Ознакомительная версия.
Однако, как и на предшествующих допросах, они не услышали никакого ответа. Она только надменно усмехалась.
— У нас есть доказательства! — повторил Патрик, теперь уже с раздражением. — Пробы из могилы Леннарта показали высокое содержание мышьяка, то же самое и у Стига, и нам удалось показать, что отравление происходило в течение полугода путем введения все увеличивающихся доз. Мышьяк мы нашли в старой упаковке крысиного яда, которую вы хранили в подвале. У Сары в легких были обнаружены частицы золы, которую вы прятали у себя в спальне. Вы измазали маленького ребенка золой, чтобы сбить нас со следа, а также оставили куртку Сары в домике Моргана, чтобы свалить вину на него.

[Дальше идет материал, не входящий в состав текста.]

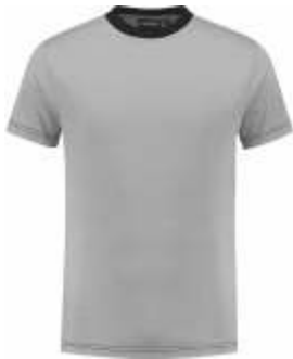
8070 Grijs - Zwart Grau - Schwarz Grey - Black Gris - Noir
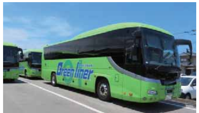
高速バス「グリーンライナー」

を図り、近代化・合理化を進めてきました。また、どこよりも早くインバウンド事業に参入することや、地元石川と東京ディズニーリゾートを結ぶ高速乗合バス事業などの新しいサービスを提供することにも力を注いでいます。中でも最新の衝突回避支援機能システムを、保有する全てのバスに搭載すると共にドライバー

То, что Кая изобличили в педофилии, оказалось для вас неожиданной удачей. Но у нас есть магнитофонная запись допроса Моргана, где он показал, что видел, как Сара вернулась в то утро домой, тогда как вы нам солгали, будто этого не было. Мы знаем, что это вы убили Сару. Так помогите же нам теперь, помогите своей дочери, чтобы она могла жить дальше. Скажите нам — почему? А моя дочь? Зачем вам было утаскивать ее из коляски? Вы хотели отомстить мне? Говорите же со мной!
Лилиан указательным пальцем водила по столу, рисуя круги. Она уже не впервые слушала уговоры Патрика, но все его попытки разговорить ее оставались тщетными.
Патрик чувствовал, что начинает терять самообладание, и решил, что пора заканчивать, пока он не наделал глупостей. Он резко встал, скороговоркой произнес заключительные слова, необходимые для окончания допроса, и направился к двери. С порога он обернулся:
— То, что вы сейчас делаете, непростительно. В вашей власти положить конец тому, что переживает ваша дочь, но вы не желаете ей помочь. Это не только непростительно, это бесчеловечно.
Он попросил Йосту отвести Лилиан назад в камеру, поскольку сам не мог вынести ее ни секундой дольше. На какой-то миг ему показалось, что он заглянул в глаза абсолютному злу.
— Чертовы бабы! Везде они воду мутят, и нигде от них нет спасения, — бурчал Мельберг. — А теперь еще и на работе с ними возись. Ну не понимаю я, какой смысл в этих квотах! Я-то по простоте душевной думал, что сам могу подбирать себе кадры. Ан нет! Изволь, оказывается, принимать на работу какую-то юбку, которая, поди, и мундир застегнуть не умеет. Разве ж это правильно?
Симон ничего не ответил и даже не поднял глаз от тарелки.
Обедать дома было непривычно, но входило в программу развития отцовско-сыновних отношений, разработанную Мельбергом. Он старался, нарезал всяких овощей, которых раньше вообще не бывало в его холодильнике, однако Симон, как Мельберг с раздражением отметил, даже не притронулся ни к огурцам, ни к помидорам, а вместо этого налегал только на макароны и котлеты, полив их сначала большим количеством кетчупа. Ну, кетчуп — это вообще-то тоже помидоры, так что ладно, сойдет.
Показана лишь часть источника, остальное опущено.